**Exercise goal:**
What's needed is an exact retyping of the lines from the start of the listing up to and including the line with "3-steps-model of conflict", minus any pictures.

**Data records:**
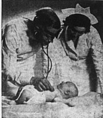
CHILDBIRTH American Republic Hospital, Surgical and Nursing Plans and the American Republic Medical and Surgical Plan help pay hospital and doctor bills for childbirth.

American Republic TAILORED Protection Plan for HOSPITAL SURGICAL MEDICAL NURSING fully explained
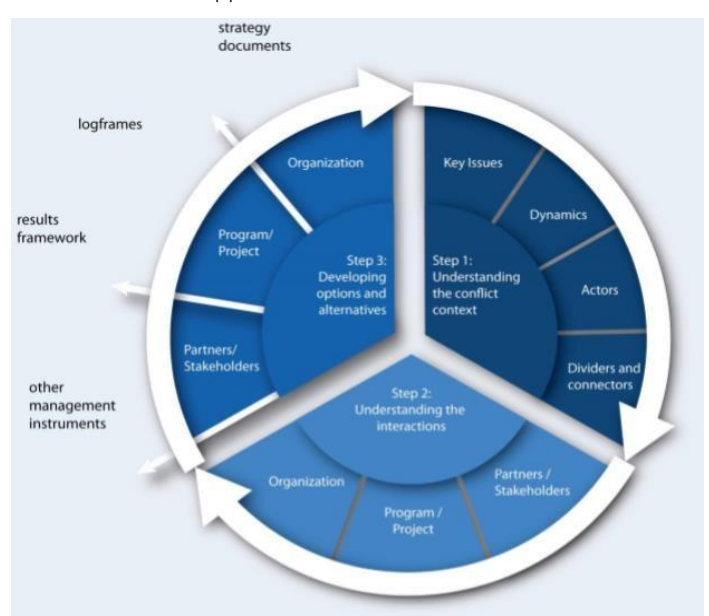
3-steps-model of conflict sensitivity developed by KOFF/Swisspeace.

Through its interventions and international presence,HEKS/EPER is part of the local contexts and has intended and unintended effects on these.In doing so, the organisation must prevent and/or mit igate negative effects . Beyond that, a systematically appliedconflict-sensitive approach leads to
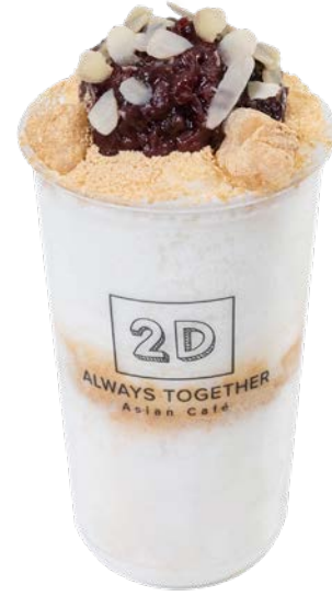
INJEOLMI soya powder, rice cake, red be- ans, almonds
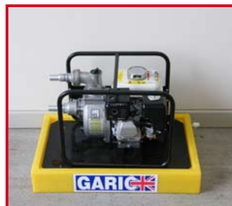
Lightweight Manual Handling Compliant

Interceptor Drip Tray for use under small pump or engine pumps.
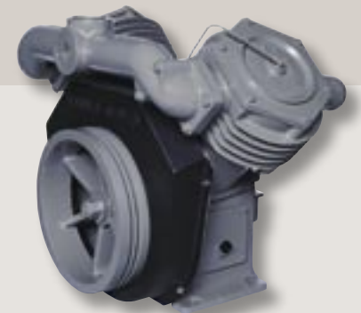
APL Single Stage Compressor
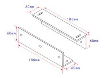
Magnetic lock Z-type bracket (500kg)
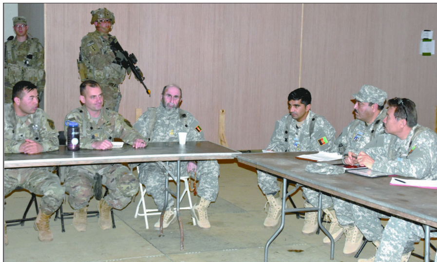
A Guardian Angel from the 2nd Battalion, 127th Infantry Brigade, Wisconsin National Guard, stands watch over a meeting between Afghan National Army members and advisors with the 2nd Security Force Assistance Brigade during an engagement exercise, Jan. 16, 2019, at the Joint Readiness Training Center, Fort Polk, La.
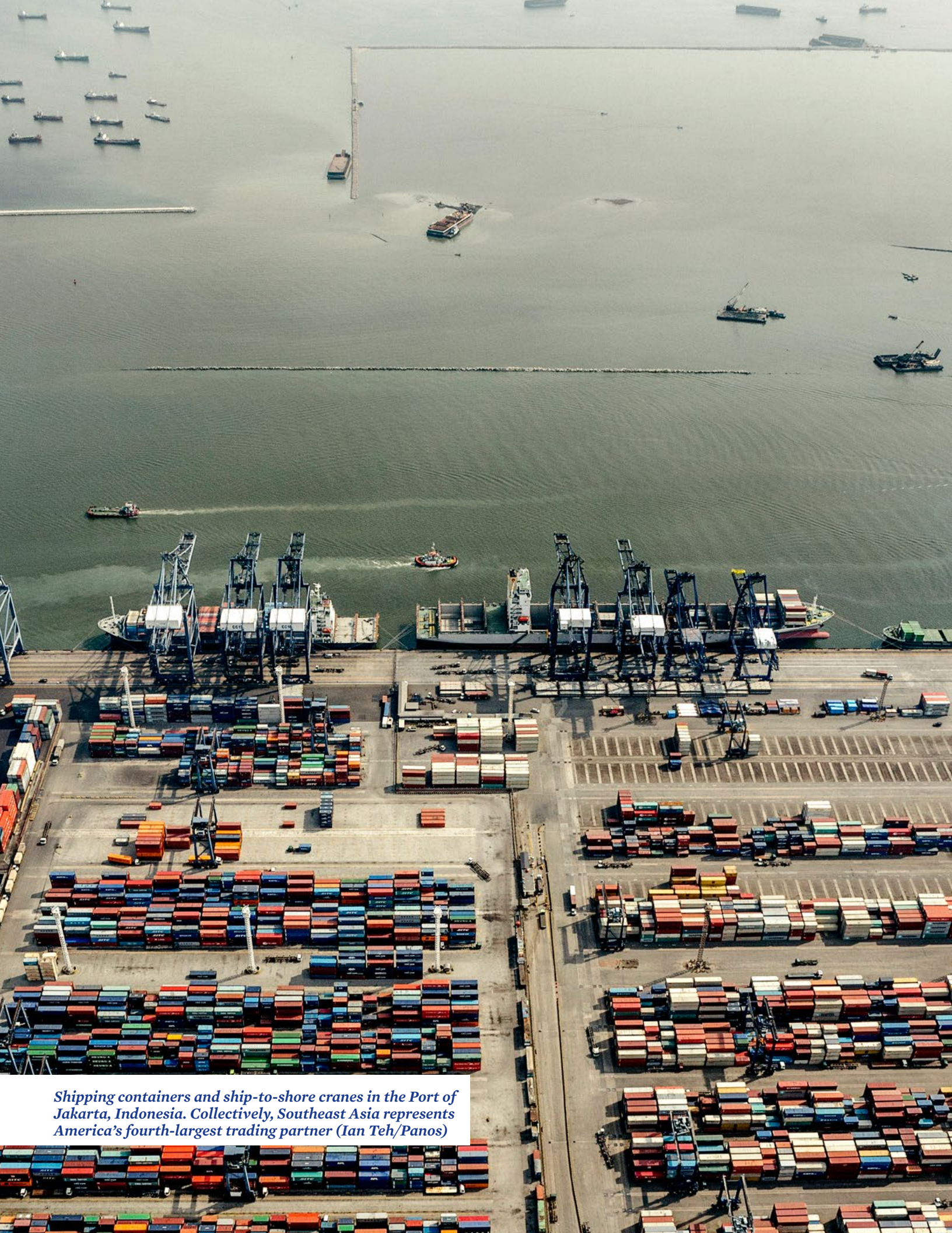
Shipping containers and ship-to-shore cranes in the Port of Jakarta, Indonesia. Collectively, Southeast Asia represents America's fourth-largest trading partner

**Exercise solution:**
CHILDBIRTH American Republic Hospital, Surgical and Nursing Plans and the American Republic Medical and Surgical Plan help pay hospital and doctor bills for childbirth.

American Republic TAILORED Protection Plan for HOSPITAL SURGICAL MEDICAL NURSING fully explained
3-steps-model of conflict sensitivity developed by KOFF/Swisspeace.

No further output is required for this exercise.